Photo : Radio-Canada / Jean-Simon Fabien

Si les aveux d’Alexandre Bissonnette aideront les proches des victimes dans leur processus de deuil, M. Benabdallah prévient que la guérison prendra encore du temps.

« Les gens sont encore sous le choc parce que les choses ne sont pas terminées pour eux. Il faut les comprendre. Beaucoup de choses vont passer avant que, ouf, on voie en eux une partie de la sérénité. »

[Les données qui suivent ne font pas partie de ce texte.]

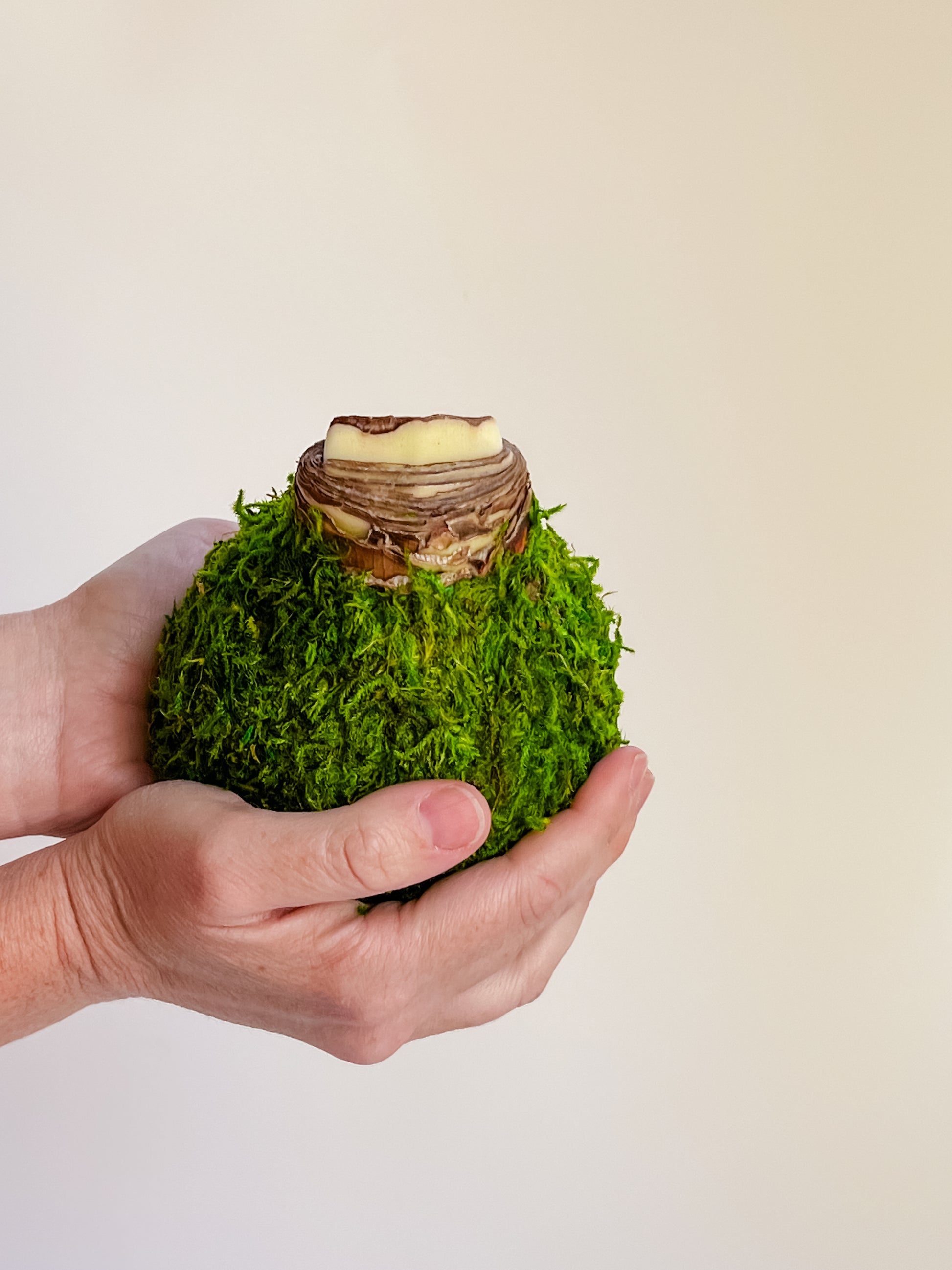 Wrapped in natural green moss, this bulb has an organic, earthy finish that feels both fresh and timeless. Its white blooms rise beautifully from the mossy base, bringing a touch of nature indoors.
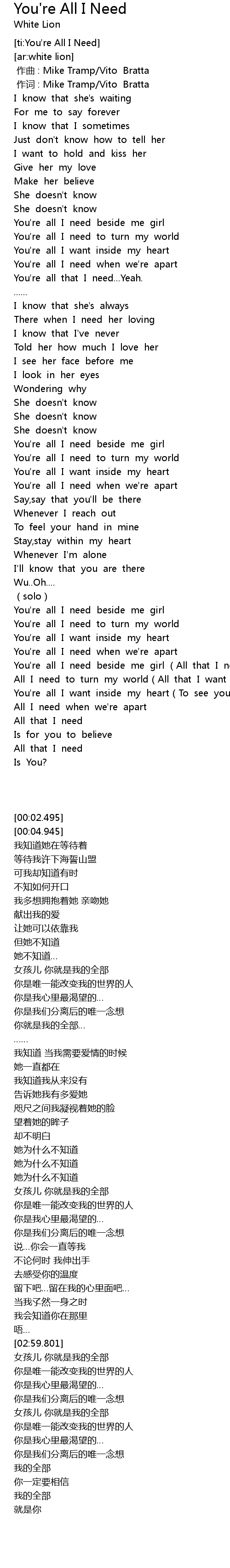 | [03:38.919] | You' re all I need beside me girl All that I need |
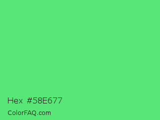 Hex #58e677 Color is a light green color and the nearest color is Very Light Malachite Green #64e986. Hex code #58e677 and RGB value is rgb(88,230,119). In RGB color space, this color is composed of 35% red, 90% green, 47% blue, In CMYK color space, this color is composed of 62% cyan, 0% magenta, 48% yellow , 10% black , In HSL color space, this color has a hue angle of 133° , 74% saturation and 62% lightness.
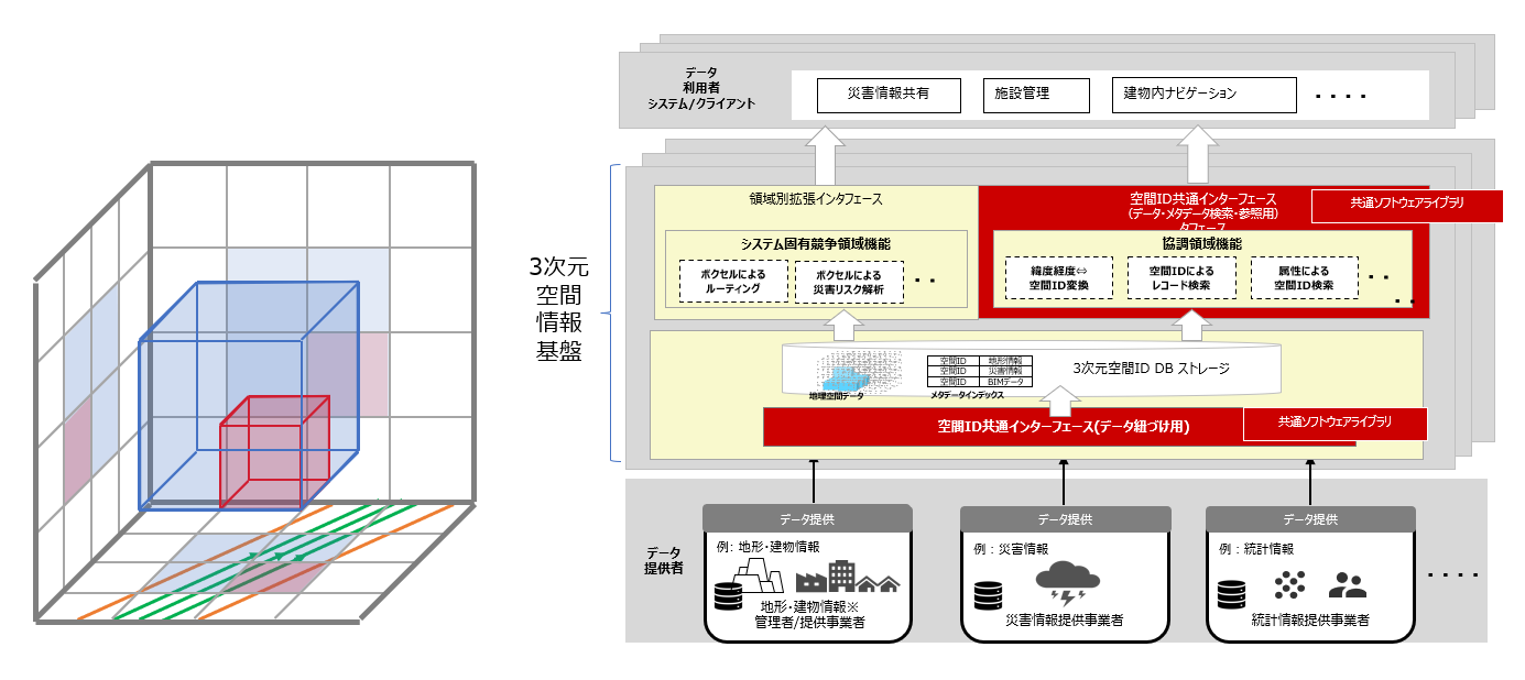 図1 空間ID(左)と、3次元空間情報基盤システム(右)の概念図
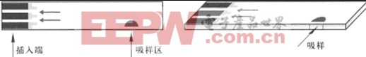 新的一组拟合曲线的参数,该参数会被事先烧写在代码校正条上,校正代码条如图3。其中特征代码实际就是拟合曲线的参数的整合成一个特殊的代码形式。图4是试剂条,由专业生物医学机构调配,因为每批试剂条的调配不可能一致,因此每次的拟合曲线参数也不一样,该参数由该机构提供,并烧写相应的校正代码条随试剂交付终端用户使用。用户每次购买一批新试剂的时候必须先通过代码校正条修改血糖仪的参数。代码校正条的设计采用和试剂条同样的接口,因此只需要像使用试剂条一样直接插入血糖仪的检测端口,就可以方便地将新参数输入到血糖仪。

— Une citation de  Boufeldja Benabdallah, président et cofondateur du Centre culturel islamique de Québec

Demande de pardon

L’ex-président et actuel administrateur du CCIQ, Mohamed Labidi, abonde dans le même sens. Il avoue cependant être demeuré sur sa faim à la suite du plaidoyer du tueur, qui a affirmé avoir « honte » de ses gestes et demandé pardon aux familles des victimes pour « tout le mal [qu’il leur a] fait ».

« Ç’a été très, très, très court et il n’y a pas de réponse à toute l’ampleur de la tragédie qui a été commise, a déploré M. Labidi. On partage presque le feeling de tout le monde [au sein] de la communauté et surtout les familles des victimes. Elles sont restées sur leur faim. »


Aymen Derbali répond aux questions des journalistes à la suite de la déclaration de culpabilité d'Alexandre Bissonnette.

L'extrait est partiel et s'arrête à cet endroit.